▶ **Exercise description**: Reproduce every line of the listing as written, apart from the pictures.

▶ **Provided records**:
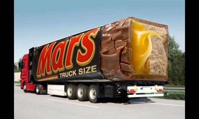 أحد إعلانات الشركة المنتجة للشيكولاتة الشهيرة "مارس"، تغطي حافلة ضخمة وكأنه حجم جديد للشيكولاتة الشهيرة.
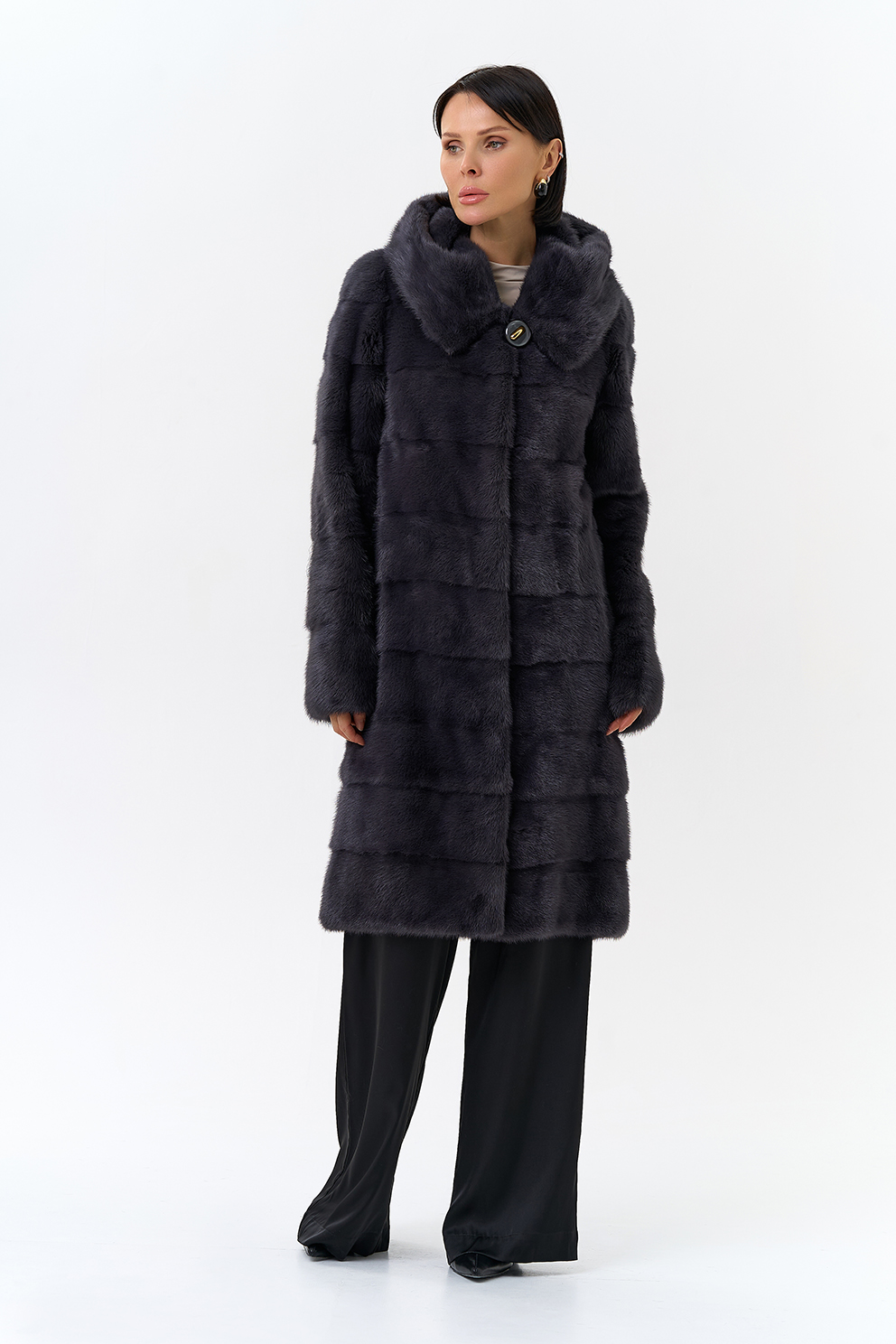 Норковая шуба трансформер в поперечном крое с капюшоном в цвете графит. Каждый день новая модель! Длина изделия трансформируется до 80 см,а рукав до длины ⅞. Шуба дополнена аккуратными пуговицами и крючками.
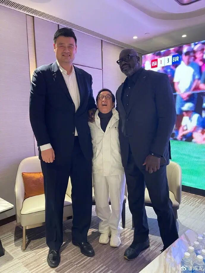 還有一張是成龍“夾”在姚明和奧尼爾中間,巨大的身高差,讓成龍忍不住仰著頭,露出驚訝的表情。
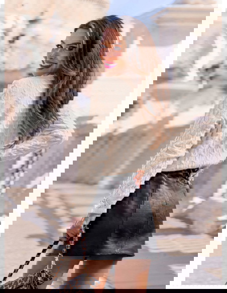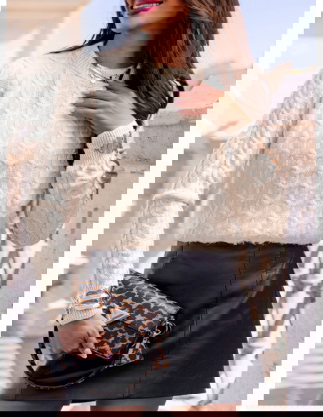 Beżowy sweter z warkoczowymi splotami Yeanne
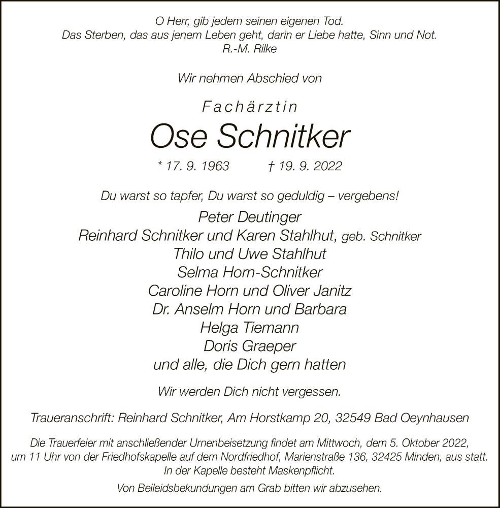 Hier finden Sie alle Traueranzeigen aus der Zeitung, die bisher für Ose Schnitker erschienen sind. Weitere Traueranzeigen, die in der Zeitung erscheinen, werden hier ebenfalls aufgelistet
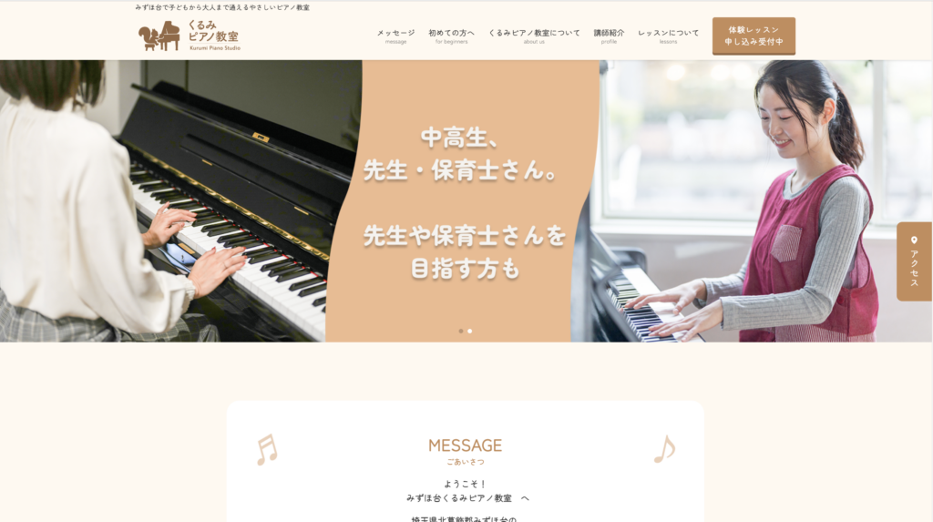 ピアノ教室・習い事教室専門のホームページ制作をしています
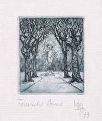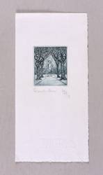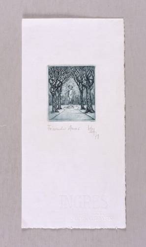 1979. Radierung / Strichätzung, in Schwarzblau, auf feinstem hellchamois Ingres. – Originale Künstlergrafik, von Klaus-Peter Holzhauer. – 5,8 x 4,9 cm (Darstellung / Platte), 21 x 11 cm (Blatt).
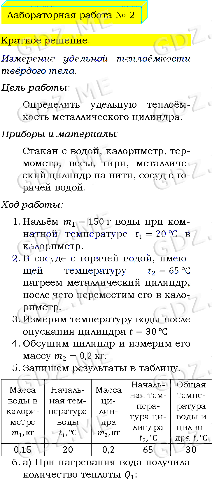 Подробный вариант решения из решебника (ГДЗ): Задание номер 2 (Лабораторные работы) по предмету Физика, за 8 класс, авторы учебника Пёрышкин А.В..
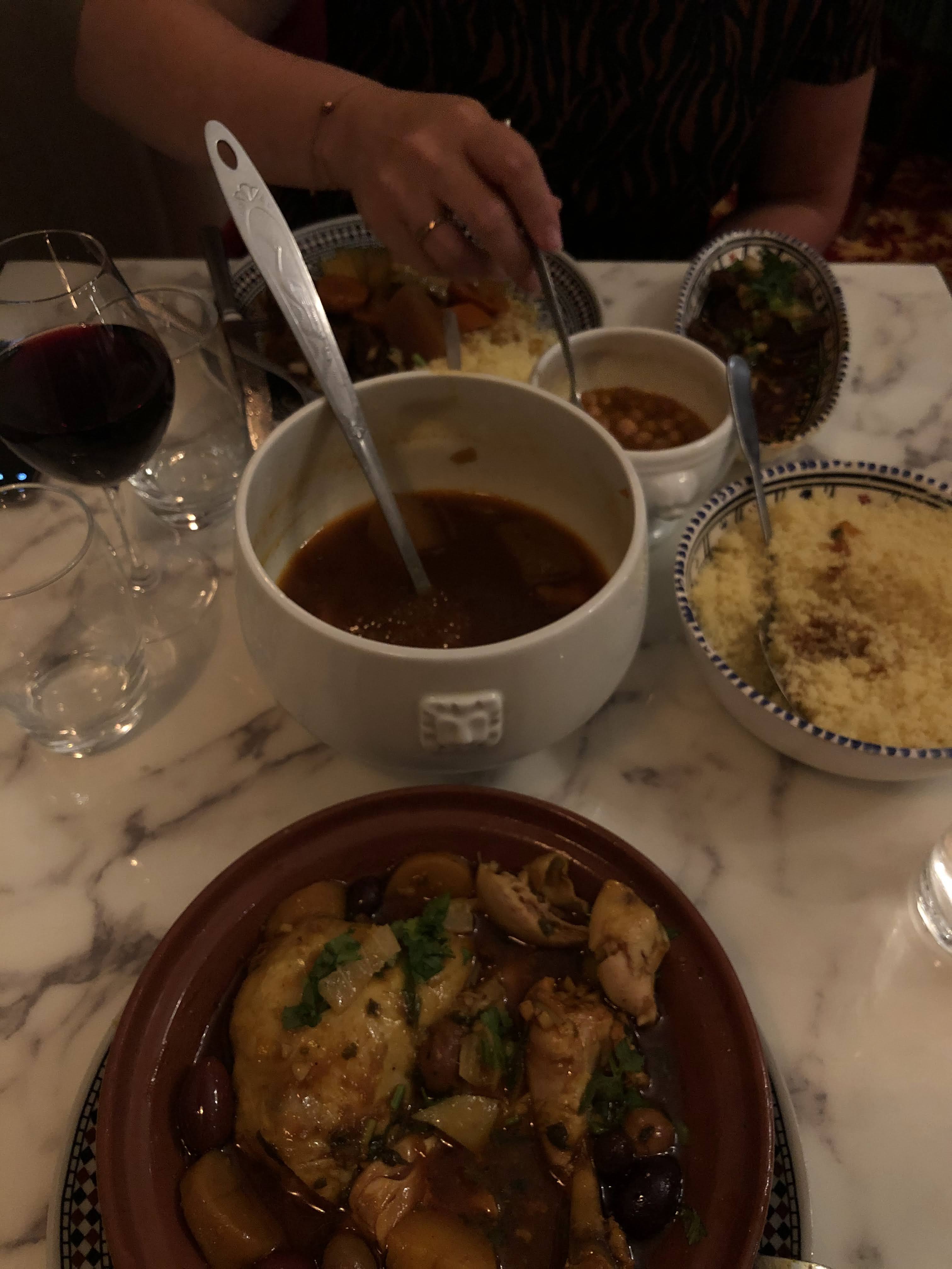 Super restaurant le couscous est au top les portion sont plus que raisonnables sans parler du petit thé offert par le patron. La danseuse et la musique nous envoie tout droit au maroc. Le service rapide et efficace permet de profiter au maximum de la soirée sans moment d’ennuis. Je suis venu avec ma famille et je reviendrai avec les amies. Restaurant a conseiller a n’importe qui souhaite profiter d’un couscous traditionnel du maroc !

▶ **Exercise response**:
 أحد إعلانات الشركة المنتجة للشيكولاتة الشهيرة "مارس"، تغطي حافلة ضخمة وكأنه حجم جديد للشيكولاتة الشهيرة.
 Норковая шуба трансформер в поперечном крое с капюшоном в цвете графит. Каждый день новая модель! Длина изделия трансформируется до 80 см,а рукав до длины ⅞. Шуба дополнена аккуратными пуговицами и крючками.
 還有一張是成龍“夾”在姚明和奧尼爾中間,巨大的身高差,讓成龍忍不住仰著頭,露出驚訝的表情。
 Beżowy sweter z warkoczowymi splotami Yeanne
 Hier finden Sie alle Traueranzeigen aus der Zeitung, die bisher für Ose Schnitker erschienen sind. Weitere Traueranzeigen, die in der Zeitung erscheinen, werden hier ebenfalls aufgelistet
 ピアノ教室・習い事教室専門のホームページ制作をしています
 1979. Radierung / Strichätzung, in Schwarzblau, auf feinstem hellchamois Ingres. – Originale Künstlergrafik, von Klaus-Peter Holzhauer. – 5,8 x 4,9 cm (Darstellung / Platte), 21 x 11 cm (Blatt).
 Подробный вариант решения из решебника (ГДЗ): Задание номер 2 (Лабораторные работы) по предмету Физика, за 8 класс, авторы учебника Пёрышкин А.В..
 Super restaurant le couscous est au top les portion sont plus que raisonnables sans parler du petit thé offert par le patron. La danseuse et la musique nous envoie tout droit au maroc. Le service rapide et efficace permet de profiter au maximum de la soirée sans moment d’ennuis. Je suis venu avec ma famille et je reviendrai avec les amies. Restaurant a conseiller a n’importe qui souhaite profiter d’un couscous traditionnel du maroc !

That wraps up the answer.